Recall that CSV, TSV, and Excel files are three common formats for storing data. Three files containing data on 2019 Airbnb listings are available to you:

data/airbnb_price.csv This is a CSV file containing data on Airbnb listing prices and locations.

  • listing_id: unique identifier of listing
  • price: nightly listing price in USD
  • nbhood_full: name of borough and neighborhood where listing is located

data/airbnb_room_type.xlsx This is an Excel file containing data on Airbnb listing descriptions and room types.

  • listing_id: unique identifier of listing
  • description: listing description
  • room_type: Airbnb has three types of rooms: shared rooms, private rooms, and entire homes/apartments

data/airbnb_last_review.tsv This is a TSV file containing data on Airbnb host names and review dates.

  • listing_id: unique identifier of listing
  • host_name: name of listing host
  • last_review: date when the listing was last reviewed
# Import necessary packages
import pandas as pd
import numpy as np

# 1. - Loading the data:

# Load the CSV file
price_df = pd.read_csv('data/airbnb_price.csv')

# Load the Excel file
room_type_df = pd.read_excel('data/airbnb_room_type.xlsx')

# Load the TSV file
review_df = pd.read_csv('data/airbnb_last_review.tsv', sep='\t')

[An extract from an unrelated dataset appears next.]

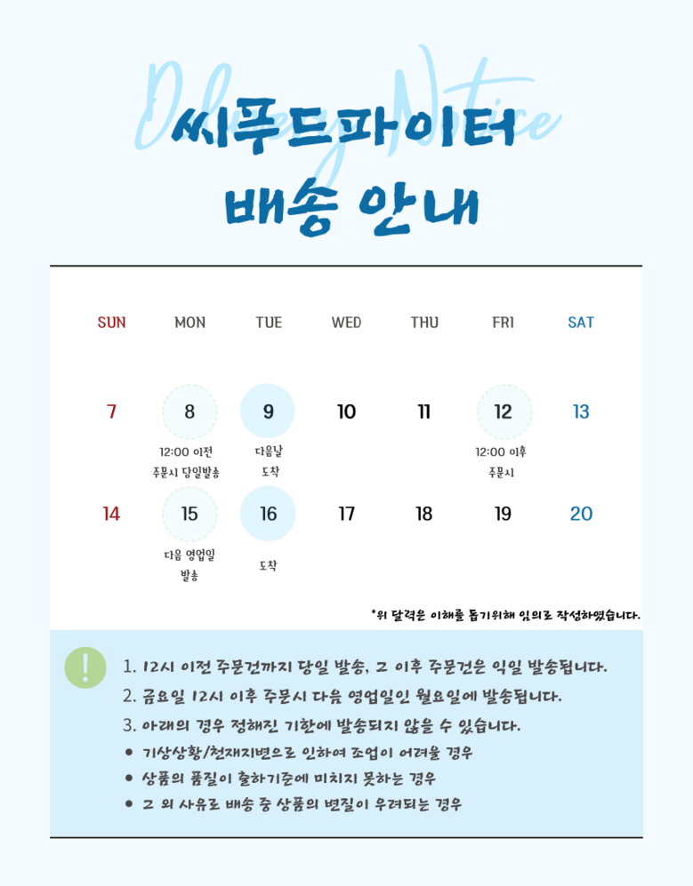 - ㆍ모니터 해상도의 차이로 인해 색상이나 이미지가 실제와 달라, 고객이 단순 변심으로 교환/반품을 무료로 요청하는 경우

# 2. - Merging the three DataFrames:

# Merge the DataFrames based on the 'listing_id' column
merged_df = price_df.merge(room_type_df, on='listing_id').merge(review_df, on='listing_id')

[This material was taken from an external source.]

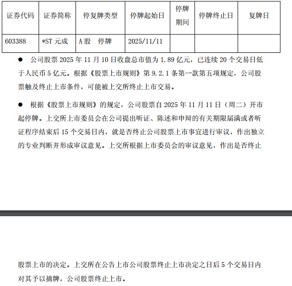 新华财经北京11月10日电(王媛媛) *ST元成(维权)11月10日晚间发布公告,公司股票已连续20个交易日在上海证券交易所的每日股票收盘总市值均低于5亿元,触及交易类强制退市指标。公司股票自2025年11月11日开市起停牌。

# 3. - Determining the earliest and most recent review dates:

# Convert the 'last_review' column to datetime format
merged_df['last_review'] = pd.to_datetime(merged_df['last_review'], errors='coerce')

# Find the earliest and most recent review dates
first_reviewed = merged_df['last_review'].min()
last_reviewed = merged_df['last_review'].max()

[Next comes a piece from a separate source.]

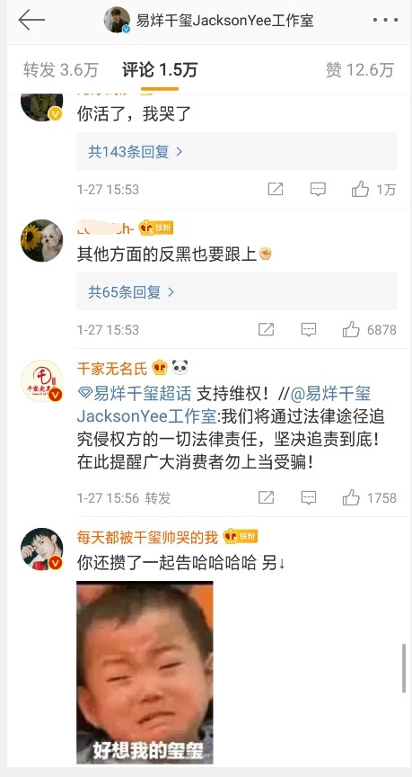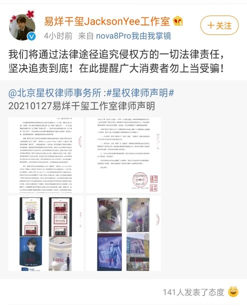 事情经过也很简单,即易烊千玺这边并未授权,但是相关公司擅自用易烊千玺的照片和姓名来进行诱导性的销售,指向性很强,为此侵犯了易烊千玺的肖像权和姓名权,在多次警告后仍未更改,可以说行为很恶劣了,属于知道自己的行为违法但依旧坚持犯错,令人无语至极,易烊千玺工作室的声明一出,立即获得了粉丝的力挺,一位粉丝激动的说:“你活了,我哭了”,其他网友发表态度称:“支持维权。”

# 4. - Finding how many listings are private rooms:

# Standardize the values in the 'room_type' column to lowercase
merged_df['room_type'] = merged_df['room_type'].str.lower()

# Count the number of private room listings
nb_private_rooms = merged_df[merged_df['room_type'] == 'private room'].shape[0]

# 5. - Finding the average price of listings

# Remove the dollar sign and convert the 'price' column to float
merged_df['price'] = merged_df['price'].replace('[^\d.]', '', regex=True).astype(float)

# Calculate the average price and round to two decimal places
avg_price = round(merged_df['price'].mean(), 2)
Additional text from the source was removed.